In addition, most companies are raising prices more than cost increases fueling inflation higher.
In other words, the Fed's rate action may not impact inflation rooted in energy prices by much but most likely will slowdown the economy and increase unemployment rate.
The Fed can only impact demand and hope that lower demand will trend inflation downward but will not be able to root it out completely.
This outcome is not what investors were looking for when they were cheering for the larger and faster rate hikes.
The Fed is in a tough spot because fighting elevated inflation while keeping the economic engine humming is a delicate balance with many factors outside its control.
Skeptical investors are opting that the Fed may pursue faster rate hikes in future but that will certainly slow the economy faster too turning the Fed's expectation of 1.7% economic growth in 2022 largely out of reach.
Historically, the Fed has never managed to tame inflation above 6% without dipping the economy into a recession, meaning a profit recession and lower stock valuations.
Only time will tell if we will end up in a recession, soft landing, or just a slow down, but one thing is sure, rising rates almost always lower stock valuations.
At least today, tech stocks were in favor after a week of selling and bargain hunters were ready to add more stocks.
The yield on 10-year notes declined a fraction to 3.23% but mortgage rates remained elevated, inching closer to 6%.

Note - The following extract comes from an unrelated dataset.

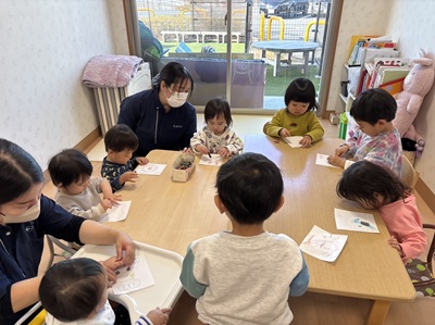 好きな絵を選んで、みんなで色塗りを頑張りました!!

The 30-year fixed-rate mortgage rates jumped to 5.78% for the week ending June 16, an increase of more than half a percentage point and the largest increase on a weekly basis since 1987, according to the survey conducted by Freddie Mac.
Mortgage rates have jumped little more than two-and-a-half percentage points from the beginning of the year and jumped from 2.93% a year ago.
Oil prices dropped to a four-week low on the growing prospects of economic recession and the U.S. dollar rose against a basket of currencies.
Russia's oil exports are going to increase in 2022 despite Western sanctions and European blockade, according to Tass news agency quoting deputy energy minister Pavel Sorokin.
In addition, oil from Venezuela is expected to reach refineries in Italy and Spain as early as next month, adding more oil supplies in the international markets.
Futures of crude oil declined 6.5% to $109.95 a barrel and natural gas fell 6.1% to $7.00 a unit.
The S&P 500 declined 0.6% to 3,674.98 and the Nasdaq Composite rose 1.4% to 10,798.90.
For the week, the S&P 500 fell 5.8% and registered its worst weekly loss since March 2020.
The Nasdaq Composite fell 4.8% in the week.
Tech stocks led the rebound in trading and Apple, Tesla, Amazon, Meta, Alphabet, and Microsoft rose between 1.0% and 1.5%.
Home Depot, Intel, JPMorgan, and 3M dropped to their new 52-week lows today.
Kroger Co declined 7.7% to $46.20 after the food retailer said sales in the first quarter ending May 21 rose 4.1% to $44.6 billion from a year ago.
Earnings increased to $664 million or 90 cents a share from $140 million or 18 cents in the same period.
The retailer guided comparable sales in the fiscal 2022 to increase between 2.5% and 3.5% and said in the quarter repurchased $665 million of its shares.
Kroger stock fell after the retailer said higher inflation is forcing more customers to select store branded items.